I had previously attempted to build a code assessment tool in docker. That involves doing the following:

  • Build a web application which a user can interact with
  • Have a separate worker that would start container runs that would run the encapsulated code
  • Capture all of those data into some sort of database

The codebase for this can be found here: https://github.com/hairizuanbinnoorazman/Python_programming/tree/master/docker_code_executor

However, the above simple solution only works on a single node - if we were to go into a situation where we would be running hundreds/thousands of code runs at one time, then, we might not be able handle it on a single node - we would need to scale out.

Just a note here: Building a code assessment tool involves a lot more simply the code execution platform. There is also part about providing the “unit” test portion where test cases would be tested against code provided by the user of the platform. There is also the rewards system etc. However, these sections are “easier” or less interesting to talk about as compared to the code execution portion - this is where it would interesting to someone who delves in code/infrastructure - how to ensure we can adopt the best secure posture when taking in potential malicious attacks on the codebase.

With regards to the implementation - this is the rough implementation that I have in mind (a thougher approach might be better as to whatever I have in mind)

  • Create a piece of controller/web applicaiton code that is able to manipulate kubernetes resources. This controller code would create jobs/pods that would then inject the third party code in and run it and store it.
  • User inputted code will be loaded in via configmaps (it can store up to 1mb) - we should have a limit to what can be passed to the execution engine
  • Logs are temporary stored in pods - this is fetched into the web application

The focus of this post is more of the security measures that we have done to try to harden the code execution portion in order to limit the blast radius of potential issues from user submitted code.

Refer to the implementation here: https://github.com/hairizuanbinnoorazman/Go_Programming/tree/master/Apps/code-executor-k8s

Container based security measures

Smaller images for code execution platform

Run the application on smaller docker images where there are less utilities available.
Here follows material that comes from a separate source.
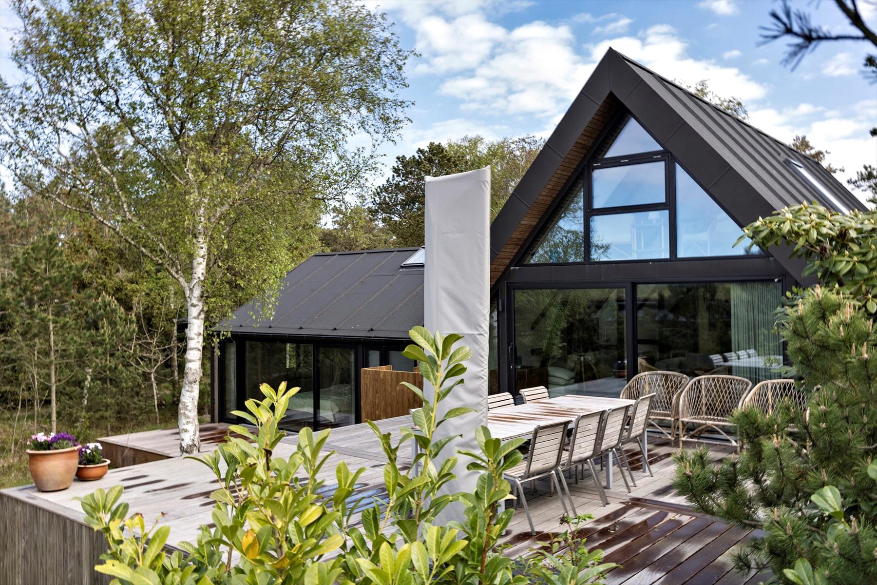 Wenn du das Haus betrittst, empfängt dich ein einladendes, geschmackvolles Zuhause mit liebevollen Details. In der Wohnküche wurden die alten Holzbalken erhalten, die dem Raum seinen besonderen Charakter verleihen. Die sanften, pudrigen Farbtöne in den Fluren und Schlafzimmern harmonieren wunderbar miteinander und stehen im schönen Kontrast zu den massiven Eichenholzdielen. Durch die clevere Aufteilung auf drei Ebenen sowie Dachfenster, schräge Fenster und Deckenfenster wird das gesamte Haus von morgens bis abends mit natürlichem Licht durchflutet. Die neue Küche (inkl. Geschirrspüler) bietet alles, was du brauchst, und grenzt an einen gemütlichen Essbereich. Von hier aus gelangst du direkt auf die nordöstlich gelegene Terrasse mit Blick in den Wald – mit etwas Glück kannst du hier Eichhörnchen beobachten oder ein Reh entdecken. Das Wohnzimmer ist hell und offen gestaltet, mit großen Fenstern und Zugang zu einer weiteren südlich ausgerichteten Terrasse – perfekt, um den Vögeln zu lauschen oder den Kindern beim Spielen auf dem Naturgrundstück zuzusehen. Das Haus verfügt über drei Schlafzimmer mit Doppelbetten und bietet Platz für sechs Erwachsene und ein Kind. Im Obergeschoss erwartet dich eine gemütliche Leseecke mit Panoramablick – ideal zum Entspannen mit einem guten Buch. Das geräumige Badezimmer ist mit Dusche, Waschmaschine und Trockner ausgestattet – und von hier aus gelangst du direkt auf eine weitere Südterrasse mit Außendusche. Ideal für eine erfrischende Dusche nach dem Strandbesuch!

For Python - we can have the “normal” python. However, there are slim editions as well as alpine. Over here - there is also a choice for distroless but this would take a bit of research to get it working.

Not running the container as root

We need to ensure that the user on the container is not a root user. With that, we should be able to limit the potential things that a user would be able to within the container since most thigs that would alter file states on a server would require root permissions.
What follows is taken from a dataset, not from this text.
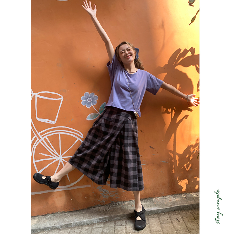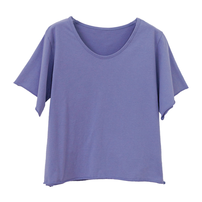 花吉B928薰衣草紫卷边V领纯棉宽松短袖T恤女2025新款夏纯色上衣

Run the deployment in different namespace

There is not much isolation when it comes to workloads and connectivity between pods in a Kubernetes cluster. We can’t use namespace to properly isolate the various pod executions - it is technically still possible for pods to converse between namespaces. Sometimes, this is a feature that people use when they might put all monitoring related pods in a namespace and the rest in a “application” namespace. One benefit for this slight segregation is the ease to delete resources.

If we know that the application resource is “hacked” and causing security issues - we can potentially go in and delete the entire namespace - all the resources tied to that namespace should be delete along side it.

Setting up a new Service account in kubernetes

Kubernetes would create pods with a service account - if not specified, it’ll go with default. We might specific things that we might add to service accounts which may not apply too well with what we’re trying to build here - so it’ll be better to start from a clean slate by creating a new service account. There could be a potential where default service account is already having some special kubernetes permissions - if this is so, it immediately raises the risk for the application.

For this, we would first a service account which would get certain access for our controller/web application - e.g. viewing pod logs, being able to create Kubernetes jobs/pods etc, being able to list/delete jobs and pods.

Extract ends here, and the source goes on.